GDPR Article 28  ·  Last updated: 2026-05-15

Between:
Controller: The Customer (“Tenant”) identified in the Order Form or account registration, acting as the data controller in respect of personal data processed via the Service.

Processor: METAMORFOZIS GLETSCHMANN SPÓŁKA JAWNA, ul. gen. Stanisława Maczka 9/14, 78-100 Kołobrzeg, Poland (KRS 0001193277, NIP 6711868606, REGON 542678656) (“Operator”), operator of the Exceptao / paraKSCol / CyberZgodność EDU platform. Full registered details: /legal/imprint.

This DPA forms part of the Terms of Service (“Terms”) at /legal/terms and is entered into automatically when the Tenant accepts the Terms. No separate signature is required unless the parties agree otherwise in writing.

Where the Tenant itself acts as a data processor on behalf of its own clients (e.g. a JST managing data for schools under its administration), the Operator acts as sub-processor in that chain.

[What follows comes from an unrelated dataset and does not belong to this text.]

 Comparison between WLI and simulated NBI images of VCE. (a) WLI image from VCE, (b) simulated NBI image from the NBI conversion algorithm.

The obligations in this DPA apply in both configurations.

1. Subject matter and duration

1.1 Subject matter. The Processor processes personal data on behalf of the Controller for the purpose of providing the Exceptao compliance platform and its enabled Modules (Exceptions, Risk Register, NIS2 Schools, and future Modules) as described in the Terms.

1.2 Duration. This DPA is in force for the duration of the subscription agreement between the parties. Upon expiry or termination of the subscription, the Processor’s obligations regarding data return and deletion apply as set out in §9 below.

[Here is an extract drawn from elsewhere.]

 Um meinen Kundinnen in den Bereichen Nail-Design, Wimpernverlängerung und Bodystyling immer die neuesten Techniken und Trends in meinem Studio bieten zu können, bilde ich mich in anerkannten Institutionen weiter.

1.3 Hierarchy. In the event of a conflict between this DPA and the Terms on a matter of data protection, this DPA prevails.

2. Nature and purpose of processing

The Processor processes personal data solely to:

  1. Operate, maintain, and support the Service on behalf of the Controller, including hosting, database management, authentication, and session management;
  2. Authenticate and authorise Users within the Controller’s tenant;
  3. Maintain the tamper-evident, append-only audit log per tenant, recording user actions taken within the Controller’s workspace;
  4. Send email notifications on behalf of the Controller’s workflow events (exception approvals, incident deadline reminders, overdue tasks, security notices), using the Operator’s outbound email infrastructure;
  5. Generate reports, audit packs, and data exports at the Controller’s instruction or on a User’s request within the Controller’s tenant;
  6. Store evidence files and attachments uploaded by the Controller’s Users, in Cloudflare R2 with client-side encryption for sensitive files;
  7. Perform automated backups and disaster recovery operations on behalf of the Controller;
  8. Monitor the Service for security threats, abuse, and performance issues that may affect the Controller’s data.

The Processor does not process personal data for its own independent commercial purposes (such as profiling, advertising, or sale to third parties). Processing occurs only on documented instructions from the Controller (via the Service interface or written instruction), except where required by applicable EU or Member State law.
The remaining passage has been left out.